_Collected data:_
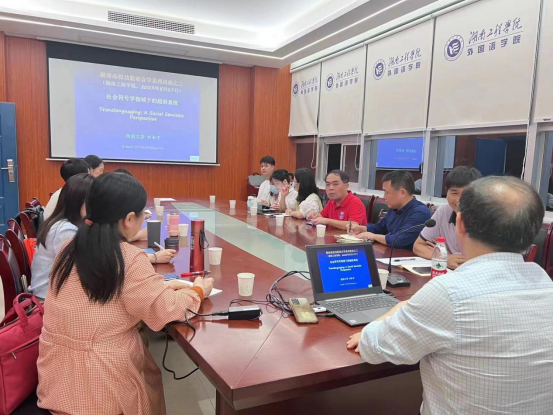 5月17日下午,西南大学cctv13直播间在线观看教授刘承宇应邀到我院做题为《社会符号学视域下的超语系统》讲座,它由cctv13直播间在线观看院长王家义教授主持,学科梯队骨干成员及青年教师到场聆听并参与讨论。
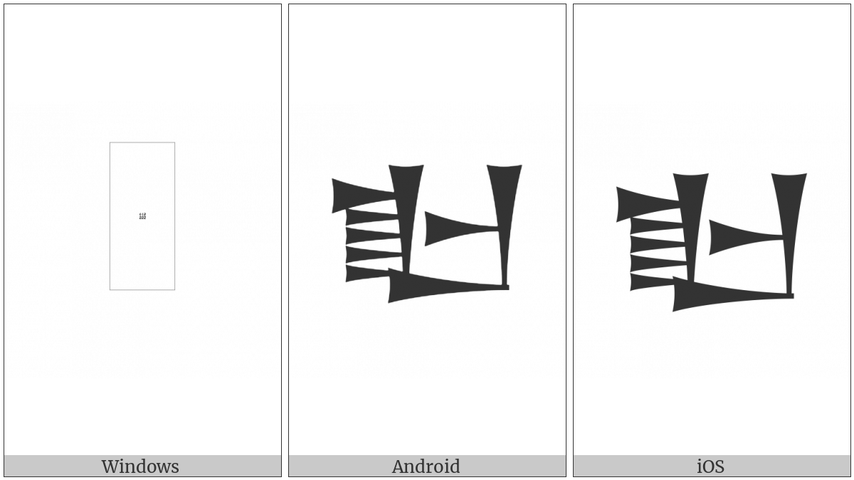 The image below shows how the “Cuneiform Sign Ma Gunu” symbol might look like on different operating systems. If the font in which this web site is displayed does not contain the symbol and there is no fallback font able to render it, you can use the image below to get an idea of what it should look like.
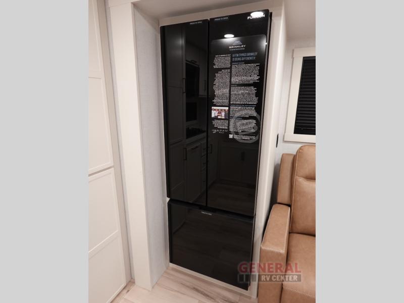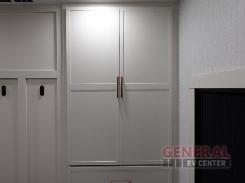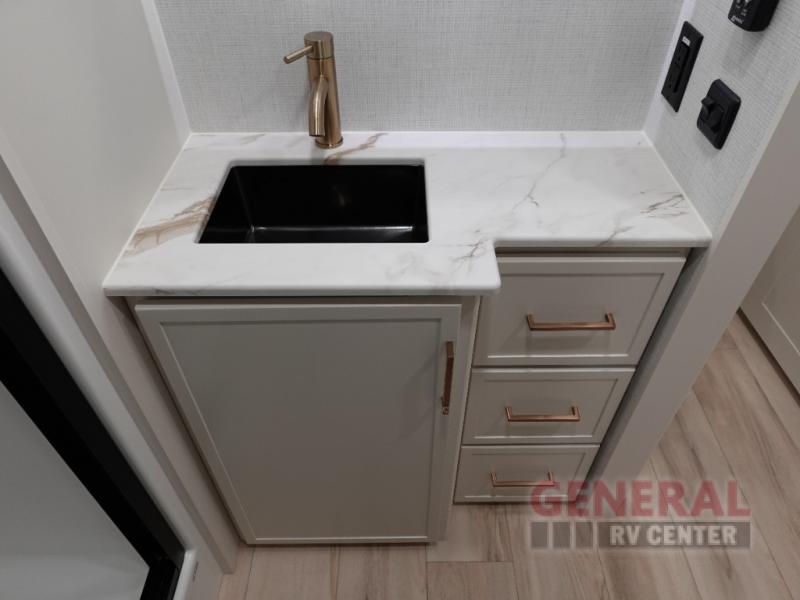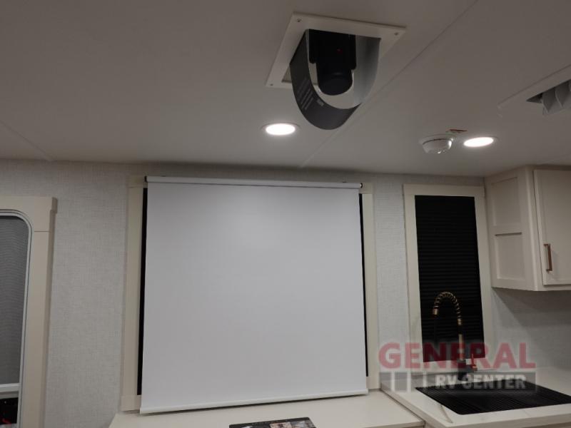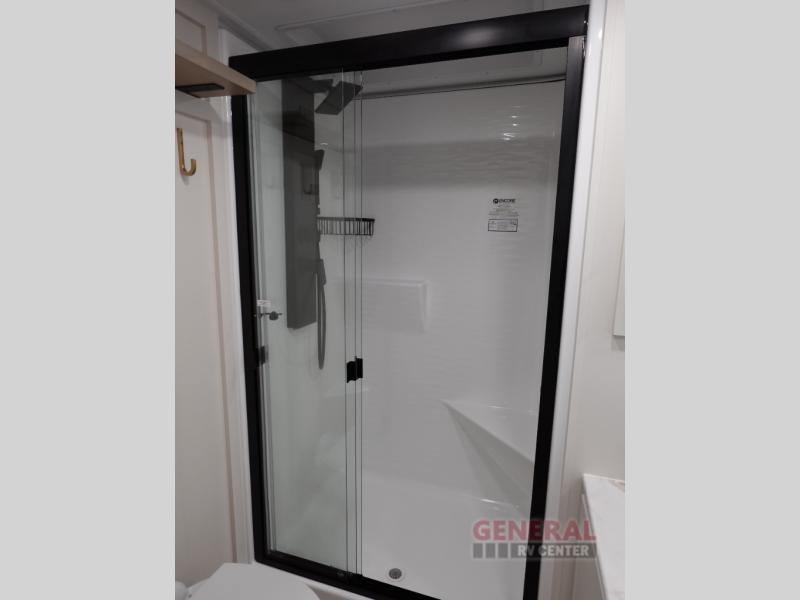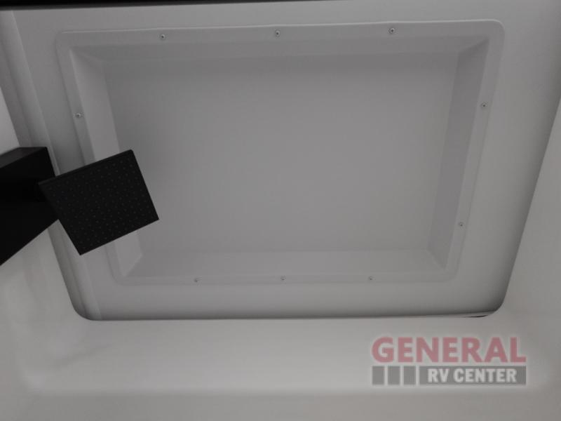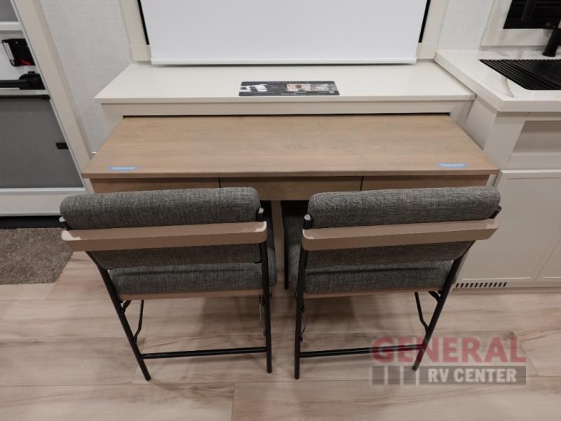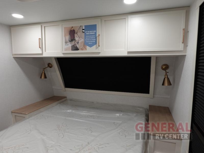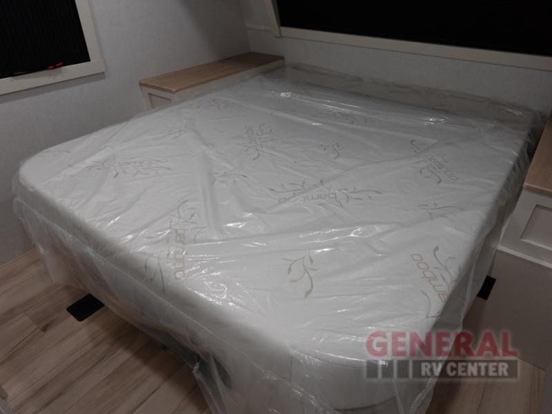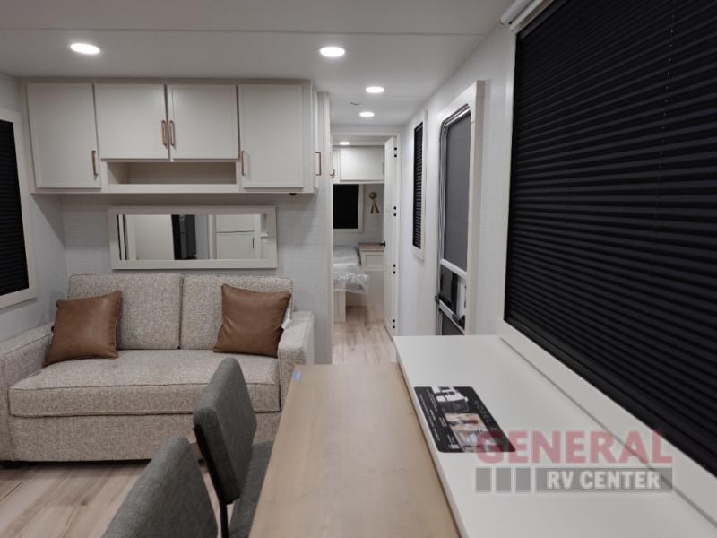 This travel trailer can comfortably sleep four with the king bed in the private bedroom and the tri-fold sofa in the main living area! The full bath features a spacious 42" x 30" shower with a built-in seat and Maxxair fan to name a few comforts. The front private bedroom features a 66" x 80" king bed with a MaxSpace Split-Level Wardrobe underneath to store shoes, clothes, and more! A slide out in the combined living area and rear kitchen makes your space more open, and you'll enjoy relaxing on the theater seating here in the evenings. The full kitchen includes a three burner stovetop, residential 30" convection microwave, 12 cu. ft. 12V refrigerator, plus a trash bin and Stow N' Go paper towel holder for added convenience. You can choose to eat outdoors under the 19' electric awning with LED lights or stay inside to dine at the pull-out dining table with a drawer for added storage!
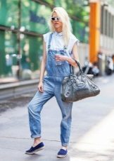 Jumpsuit is another great choice to dilute numerous looks with jeans. Black overalls with slightly cropped trousers look impressive and stylish. They can be supplemented with a dark or colored jacket and slips of calm shades. White, light gray, black or checkered will be ideal.
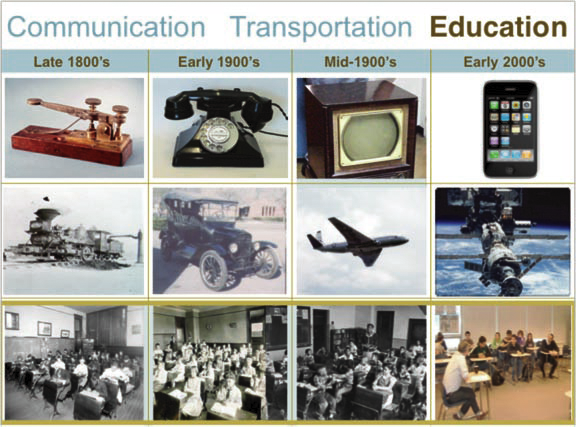 Were I a more technologically sophisticated blogger, you would see this slide in the suspense-building way that the Gates Foundation folks prepared it, with the telegraph-to-iphone strip leading off, followed by the miracle migration from the steam engine to the space station, and then topped off with the punch line of repetitive classroom photographs, where education has only recently managed to emerge from black and white and into a drab, 1960s-era Kodachrome color.
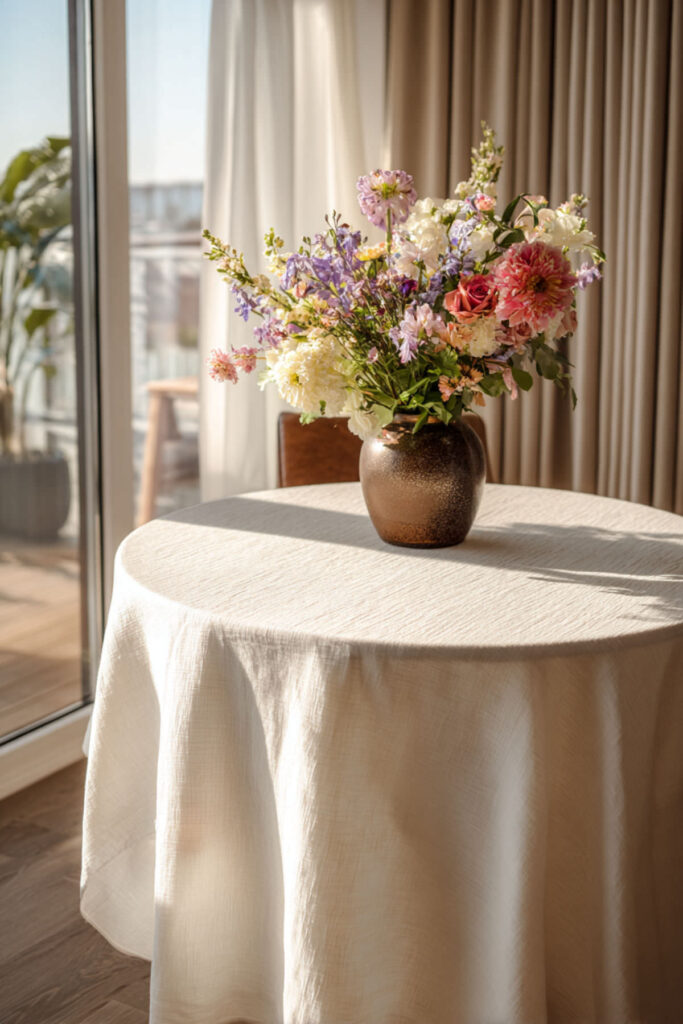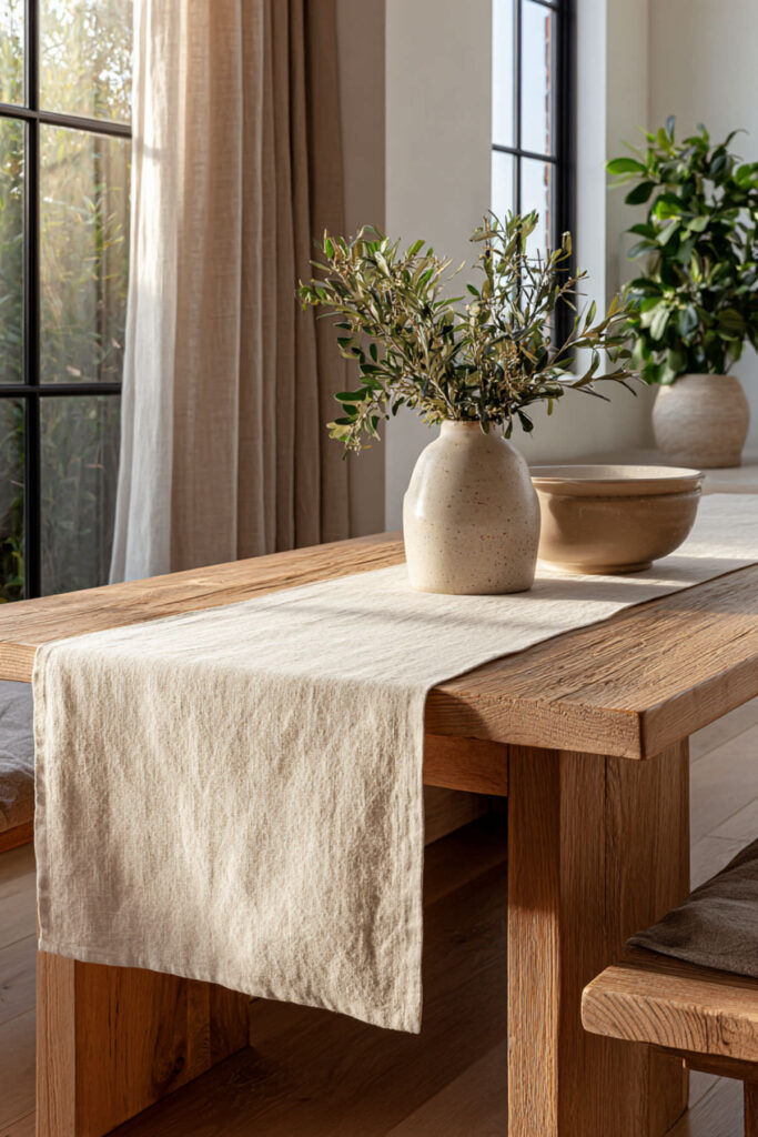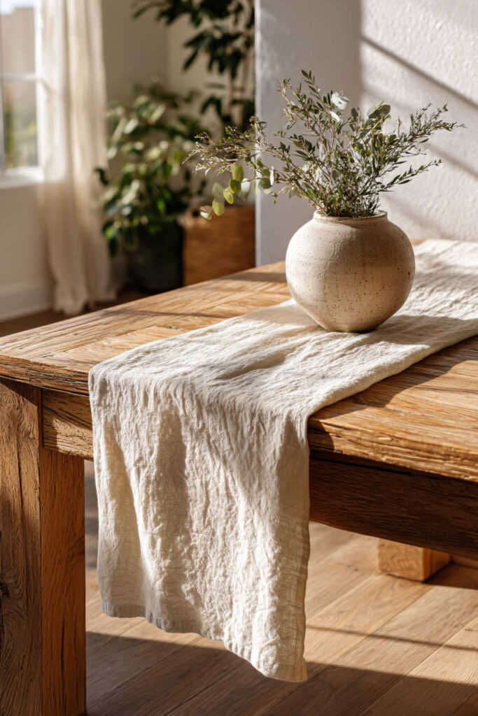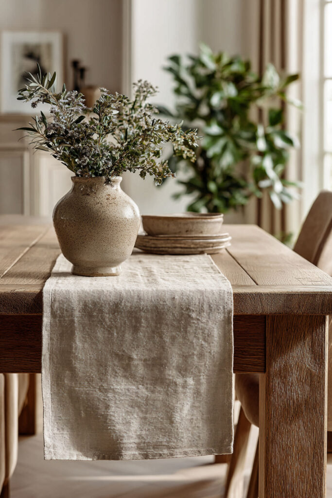 I really recommend a washed linen runner in a neutral tone — oatmeal, flax, warm white, or soft gray. The pre-washed finish means it already has that relaxed texture from day one. Lay it down the center of your dining table, let the ends hang about six inches over each side, and you’re done. A linen table runner works with every style — farmhouse, modern, Scandinavian, you name it. It’s one of those pieces that feels like it’s always been there, and that’s the highest compliment a table runner can get.

_Directions for this task:_ Return every record exactly. Pictures stay out.

_Answer section:_
 5月17日下午,西南大学cctv13直播间在线观看教授刘承宇应邀到我院做题为《社会符号学视域下的超语系统》讲座,它由cctv13直播间在线观看院长王家义教授主持,学科梯队骨干成员及青年教师到场聆听并参与讨论。
 The image below shows how the “Cuneiform Sign Ma Gunu” symbol might look like on different operating systems. If the font in which this web site is displayed does not contain the symbol and there is no fallback font able to render it, you can use the image below to get an idea of what it should look like.
 This travel trailer can comfortably sleep four with the king bed in the private bedroom and the tri-fold sofa in the main living area! The full bath features a spacious 42" x 30" shower with a built-in seat and Maxxair fan to name a few comforts. The front private bedroom features a 66" x 80" king bed with a MaxSpace Split-Level Wardrobe underneath to store shoes, clothes, and more! A slide out in the combined living area and rear kitchen makes your space more open, and you'll enjoy relaxing on the theater seating here in the evenings. The full kitchen includes a three burner stovetop, residential 30" convection microwave, 12 cu. ft. 12V refrigerator, plus a trash bin and Stow N' Go paper towel holder for added convenience. You can choose to eat outdoors under the 19' electric awning with LED lights or stay inside to dine at the pull-out dining table with a drawer for added storage!
 Jumpsuit is another great choice to dilute numerous looks with jeans. Black overalls with slightly cropped trousers look impressive and stylish. They can be supplemented with a dark or colored jacket and slips of calm shades. White, light gray, black or checkered will be ideal.
 Were I a more technologically sophisticated blogger, you would see this slide in the suspense-building way that the Gates Foundation folks prepared it, with the telegraph-to-iphone strip leading off, followed by the miracle migration from the steam engine to the space station, and then topped off with the punch line of repetitive classroom photographs, where education has only recently managed to emerge from black and white and into a drab, 1960s-era Kodachrome color.
 I really recommend a washed linen runner in a neutral tone — oatmeal, flax, warm white, or soft gray. The pre-washed finish means it already has that relaxed texture from day one. Lay it down the center of your dining table, let the ends hang about six inches over each side, and you’re done. A linen table runner works with every style — farmhouse, modern, Scandinavian, you name it. It’s one of those pieces that feels like it’s always been there, and that’s the highest compliment a table runner can get.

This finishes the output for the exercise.